TRY IT: From the line containing "Современный взгляд на" to the line containing "启信宝显示,截至目前,观致汽" in the records below, set down every line exactly as it stands, both ends included, and skip the pictures.

STORED DATA:
<<<<
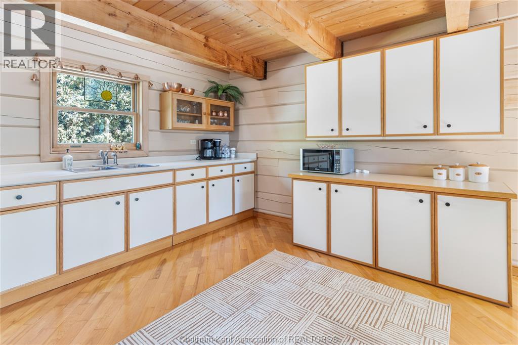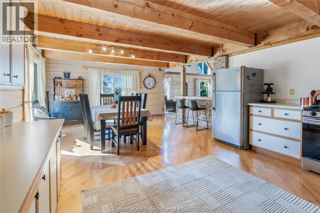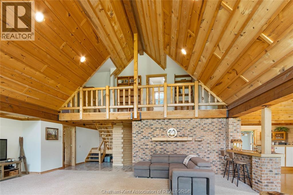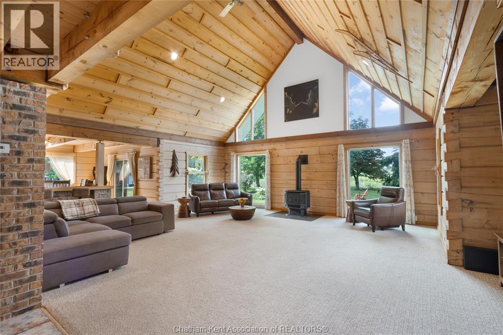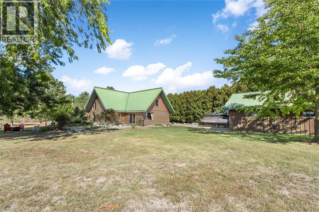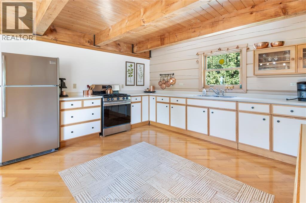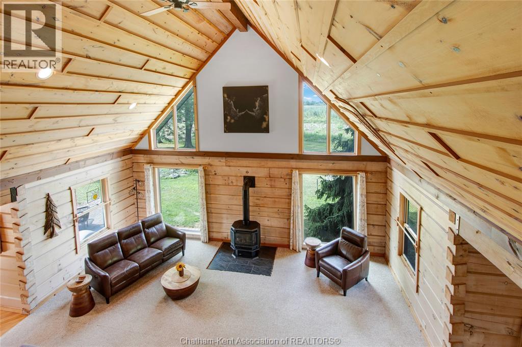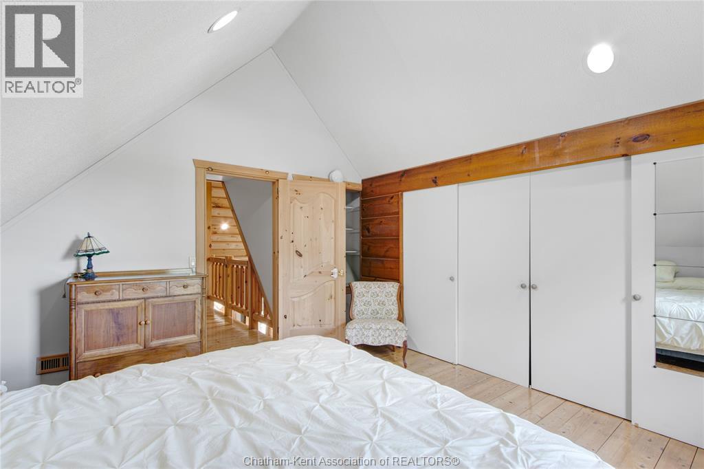 Embrace this impressive Confederation Log Home tucked away in a private retreat offering approximately 500 ft of canal waterfront and sitting on an impressive 2-acre lot. Inside this unique home, you’re met with an exceptional layout featuring a large great room with cathedral ceilings and an open balcony overlooking the space below. You’ll notice the rich wood tones, exposed beams, and detailed joinery showcasing the expert craftsmanship throughout. The massive eat-in kitchen provides plenty of room for large gatherings, dinners, and entertaining, with patio door access to the outdoor area where you can relax and take in beautiful canal views, wildlife and breathtaking sunsets! Enjoy the convenience of main floor living with a spacious primary bedroom offering a roughed-in ensuite with a walk-in closet area. A large foyer, a 2pc bath and laundry room complete the main floor. Upstairs, you’ll find two generous bedrooms and a 4pc bathroom. Outside, there’s room to roam across three parcels of land with a new wood and steel dock! This place really sets the tone for relaxation and enjoying life on the water. With access to Rondeau Bay, you can swim, boat, and fish in world-class waters right from your backyard. The heated oversized double detached garage/shop provides ample space for all your toys, a workshop, or future projects while you enjoy this peaceful and private setting. Services include municipal water, natural gas, septic and well water for your gardening or other uses! This property is truly one-of-a-kind!! Don’t miss your chance to make it yours. Call today for more information or to schedule your private viewing! (id:64974)
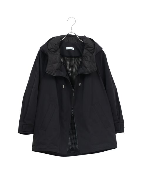 顔周りに高さの出る立体感のあるフードは内側をキルトで仕立て、異素材を取り入れることでスポーティになりすぎない柔らかなニュアンスを表現。後身頃下側にもキルトを使用しています。
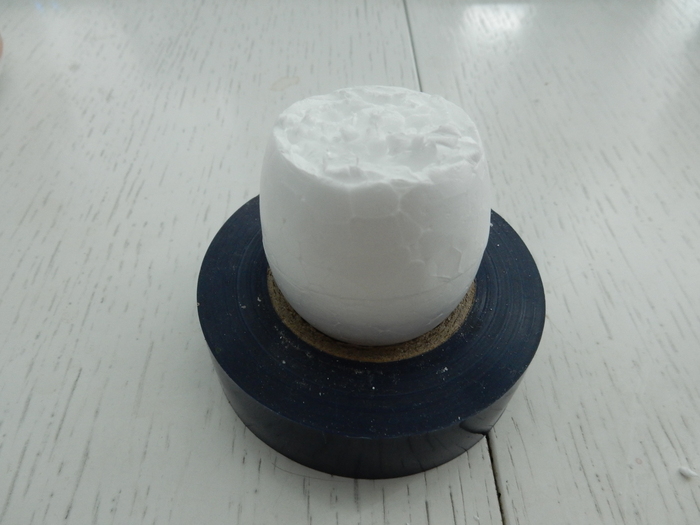 Некоторые из яиц должны быть раскрытыми, чтобы заставить жертв паниковать и судорожно искать огнемёт на кухне. Для этого с пенопластовой заготовки снимается где-то около четверти верхушки, а затем любым острым предметом проковыривается полость (можно пальцами, очень удобно). Самое главное оставить стенки достаточно толстыми и случайно не проткнуть яйцо. Чтобы удобнее было работать с яйцами, я нашла для подставки в виде катушки изоленты и мерного стаканчика из под лекарств (да, я та ещё ленивая жопка).
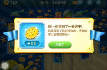 因为目前只收集到66块,所以只能喂怪物宝宝吃这么多饼干,只要点击一下饼干的图标就表示喂它吃了,它还会表示感谢呢
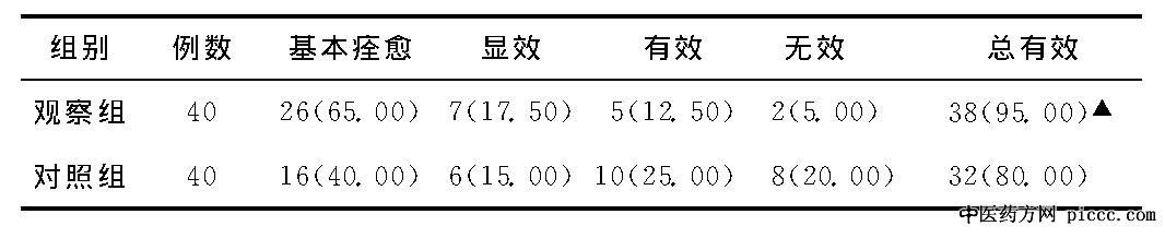 (1)临床疗效比较观察组治疗总有效率为95.00%(38/40),高于对照组的80.00%(32/40),差异有统计学意义(P<0.05)。见表1。
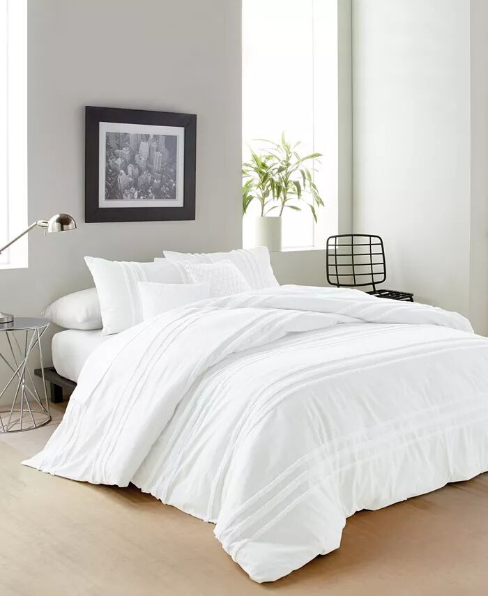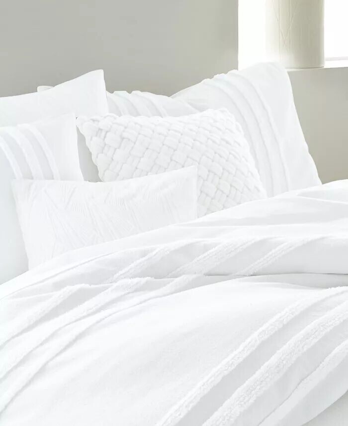 Современный взгляд на классическую технику представлен в комплекте одеял DKNY в полоску синели. Горизонтальная белая полоса синели на мягком сером фоне придает четкость этому тканому материалу, а координирующие элементы связывают ансамбль вместе с помощью противоположных вертикальных полос. Доступен в двух размерах: полный/королевский или королевский. В комплект входит одно одеяло и две накидки.
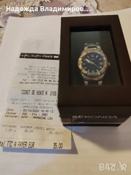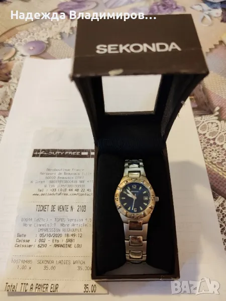 Продавам добре запазен дамски кварцов часовник SEKONDA, с японски механизъм. Купен на голяма промоция от Франция. Със сменена батерия и двойно осигурително закопчаване.
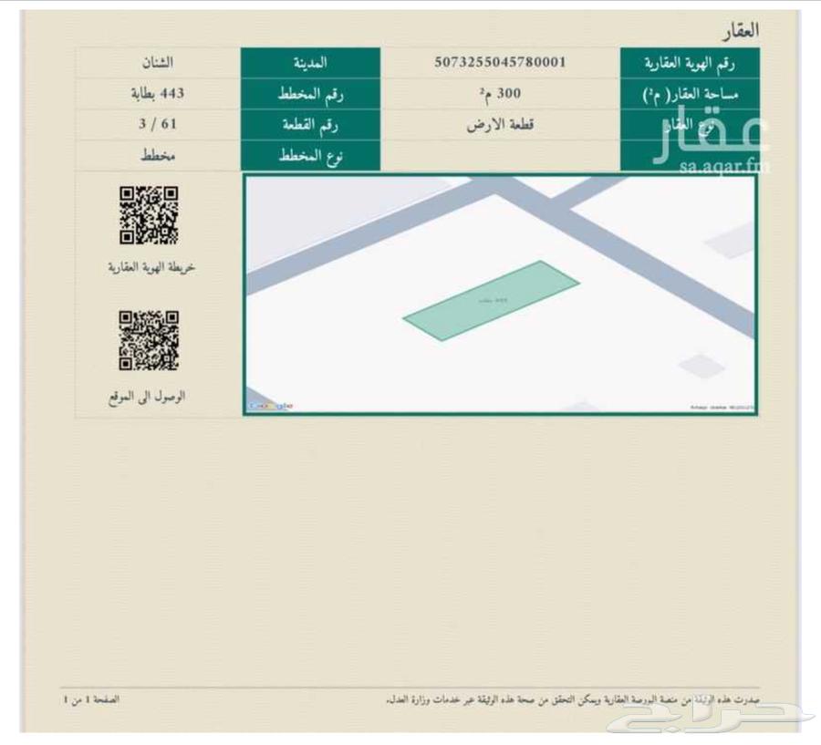 فرصة مميزة للاستثمار 🚩المساحة: 300 م² 🚩الواجهة : شمالية 🚩الشارع : 20 🔷الموقع الشنان ( طابة ) حائل ✅ 🔷صك إلكتروني نسبة الملكية 100٪ ✅ 🔷إفراغ فوري خلال ساعه يتم الافراغ ✅ 🔷مخطط معتمد من أمانة حائل ✅ 🔷طبيعة الارض مستويه ✅ 🔷مخطط سكني ✅ 📌الحد 32000 —————————————————- السيادة للعقارات متوفرة لدينا عروض اخرى في كافة مناطق المملكة ----- نأمل مطابقة الموقع على الخريطة مع الموقع حسب الصك الضمانات و مدتها: لايوجد
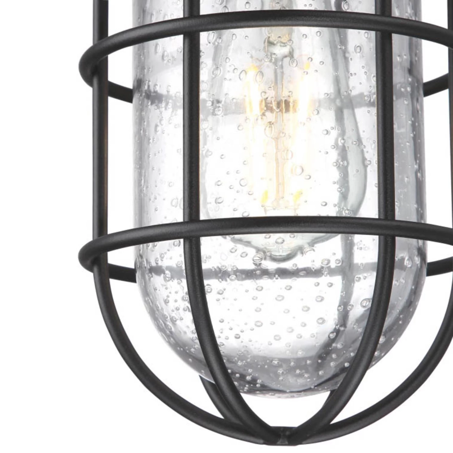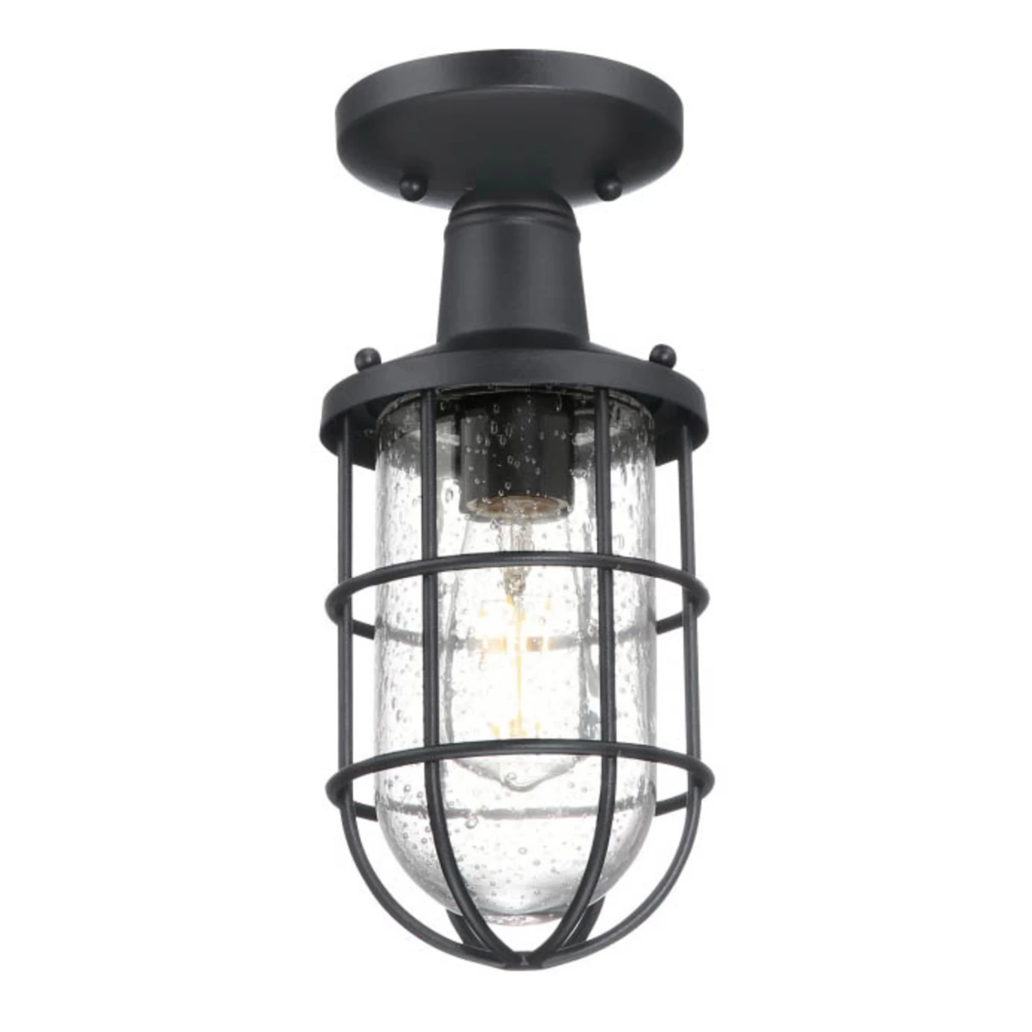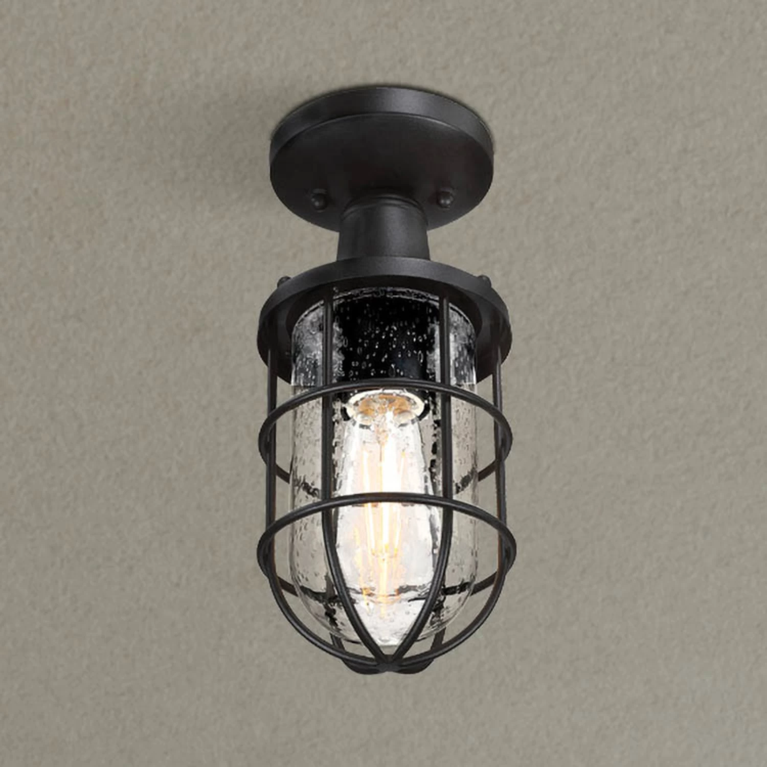 Käfigförmige Außendeckenleuchte Crestview aus Stahl und mundgeblasenem Antikglas
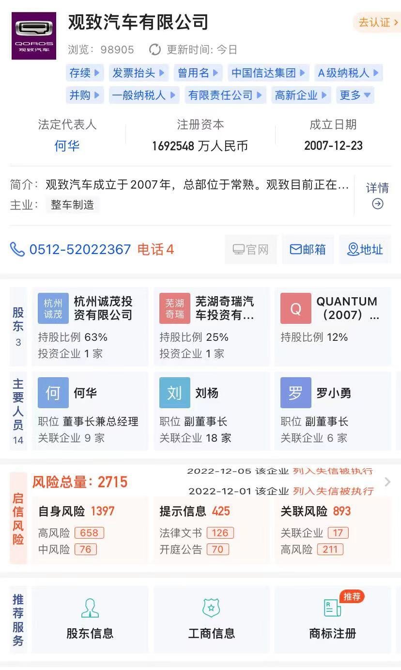 启信宝显示,截至目前,观致汽车的风险信息已经有2704条,被咸阳、广州等多地人民法院列为失信被执行人。
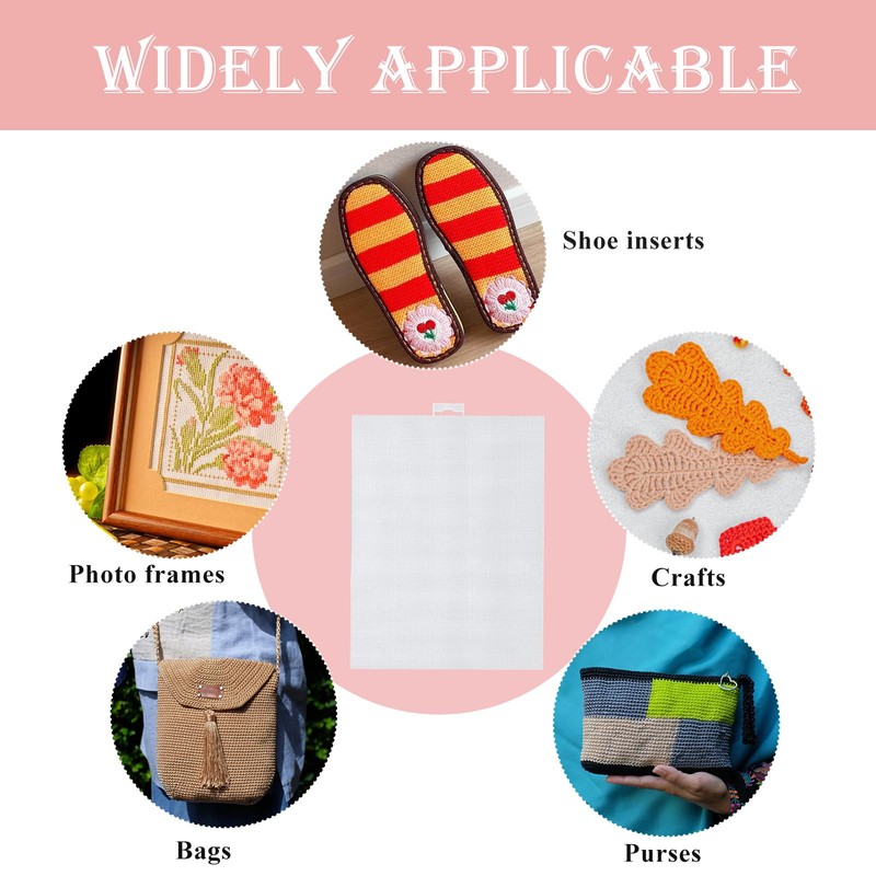 • These sheets are not just for embroidery and cross stitch. They are also great for other crafts like crochet and knitting. The plastic material is durable and can withstand the rigors of these crafts, ensuring that your projects will last.
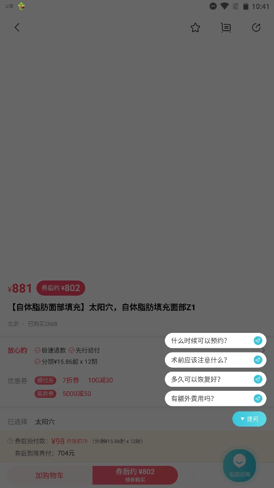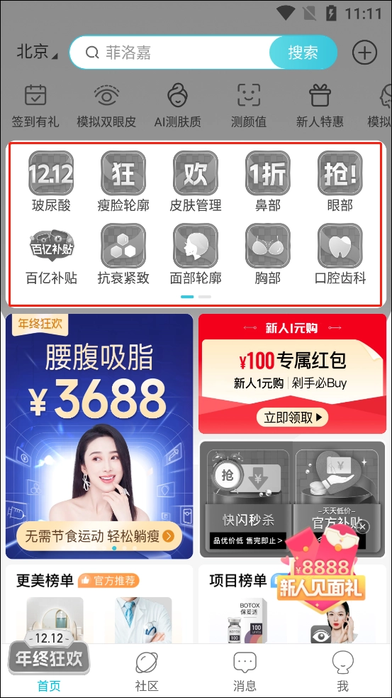 3、在商城里能够看到提供了诸如玻尿酸、气度管理、除皱瘦脸之类的服务。
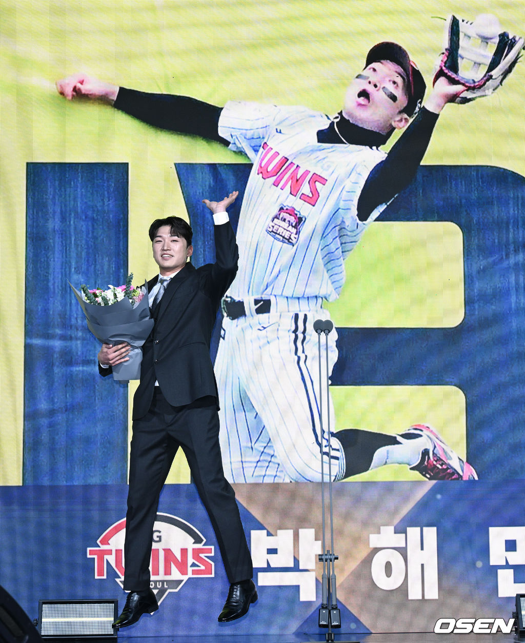 LG 트윈스 박해민이 9일 서울 송파구 잠실동 롯데호텔 월드에서 진행된 2025 신한은행 SOL 뱅크 KBO 골든글러브 시상식에서 골든포토상을 수상하며 장면을 재연하고 있다.
>>>>
TASK RESPONSE:
 Современный взгляд на классическую технику представлен в комплекте одеял DKNY в полоску синели. Горизонтальная белая полоса синели на мягком сером фоне придает четкость этому тканому материалу, а координирующие элементы связывают ансамбль вместе с помощью противоположных вертикальных полос. Доступен в двух размерах: полный/королевский или королевский. В комплект входит одно одеяло и две накидки.
 Продавам добре запазен дамски кварцов часовник SEKONDA, с японски механизъм. Купен на голяма промоция от Франция. Със сменена батерия и двойно осигурително закопчаване.
 فرصة مميزة للاستثمار 🚩المساحة: 300 م² 🚩الواجهة : شمالية 🚩الشارع : 20 🔷الموقع الشنان ( طابة ) حائل ✅ 🔷صك إلكتروني نسبة الملكية 100٪ ✅ 🔷إفراغ فوري خلال ساعه يتم الافراغ ✅ 🔷مخطط معتمد من أمانة حائل ✅ 🔷طبيعة الارض مستويه ✅ 🔷مخطط سكني ✅ 📌الحد 32000 —————————————————- السيادة للعقارات متوفرة لدينا عروض اخرى في كافة مناطق المملكة ----- نأمل مطابقة الموقع على الخريطة مع الموقع حسب الصك الضمانات و مدتها: لايوجد
 Käfigförmige Außendeckenleuchte Crestview aus Stahl und mundgeblasenem Antikglas
 启信宝显示,截至目前,观致汽车的风险信息已经有2704条,被咸阳、广州等多地人民法院列为失信被执行人。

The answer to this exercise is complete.